Whether for good reason or not, the crude oil tax has had little support in the conference committee that is considering the energy bill, and there's no overwhelming evidence it would pick up any more if it were linked to Social Security. Indeed, Long, for one, is reported to have told the administration privately last week he wouldn't have the votes to clear the crude oil tax even if the Social Security plan came through.

What Carter does have to help prod Congress into enacting the needed crude oil tax is the threat that he will impose an oil import fee on his own if the lawmakers don't clear the measure soon - a step most analysts regard as far more sensible and more effective in reducing oil consumption if the energy bill doesn't pass.
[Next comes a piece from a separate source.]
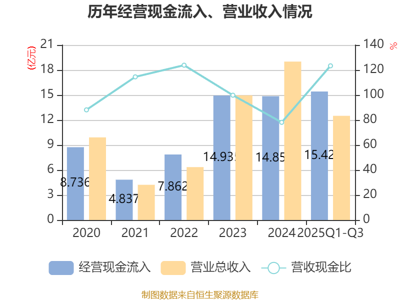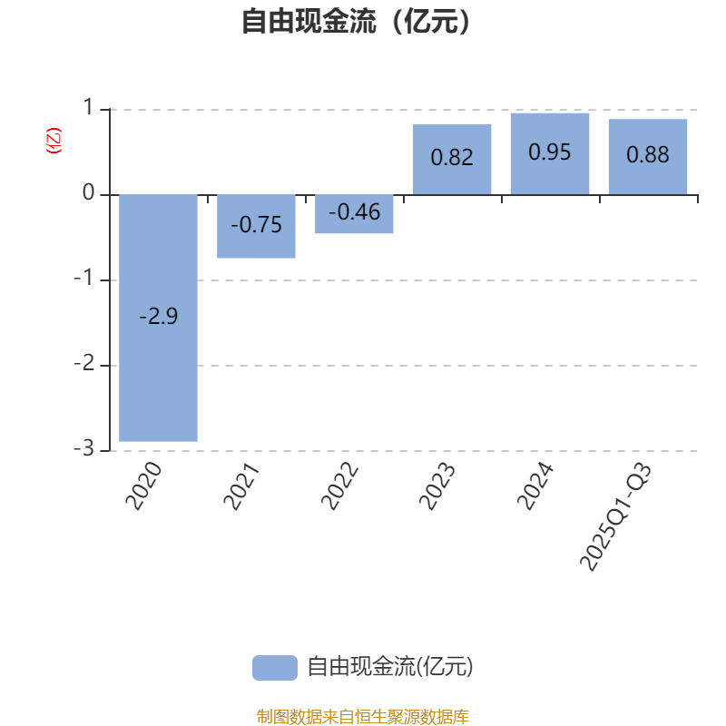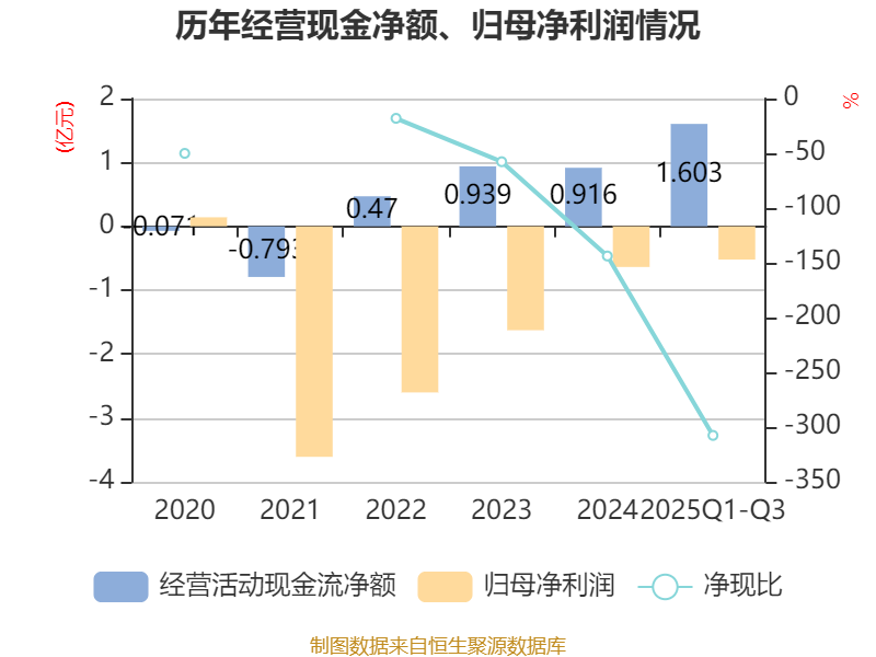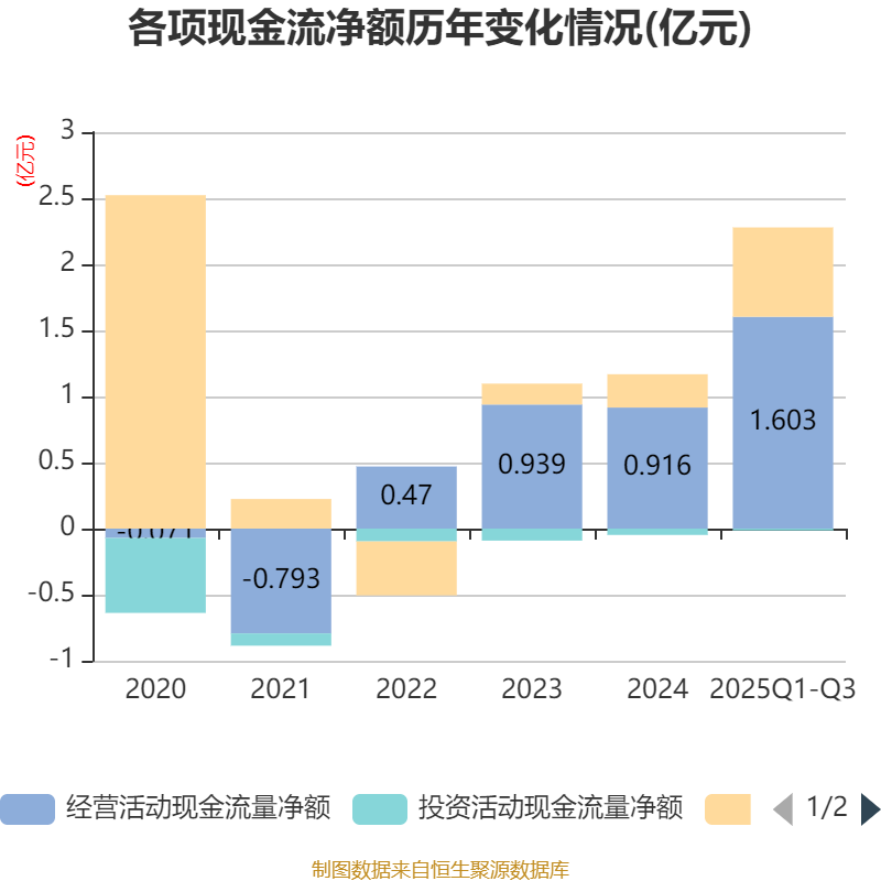 2025年前三季度,公司经营活动现金流净额为1.6亿元,同比增长124.96%;筹资活动现金流净额6763.08万元,同比减少1020.31万元;投资活动现金流净额-139.8万元,上年同期为-284.21万元。

The president is expected to allude to this prospect in his speech Tuesday on energy, inflation and the dollar - though aides say they still aren't sure whether he'll raise the prospect bluntly, as some advisers want him to.

Meanwhile, the administration seems to be playing the issue both ways. In an apperance before a Senate Finance subcommittee last week, Secretary of the Treasury W. Michawl Blumenthal publicly reiterated the administration's official position that the crude oil tax passed and is against any change in last year's Social Security tax hike. But he left the door open to linking the two, saying if Congress passed such a measure, Carter would "consider" it.

Insiders say Blumenthal equivocated on the issue only on orders from the White House.Privately, the Treasury chief is said to think linking the two proposals is patently a bad idea. Instead, he's urged Carter to impose an oil import duty if the energy bill isn't cleared by May 1.

But the message Carter is passing on the lawmakers privately apparently is quite different - confirmed both by administration officials and key congressional leaders.

The question is whether that approach would be mixing apples and oranges, which hasn't always been regarded as a very tasty dish.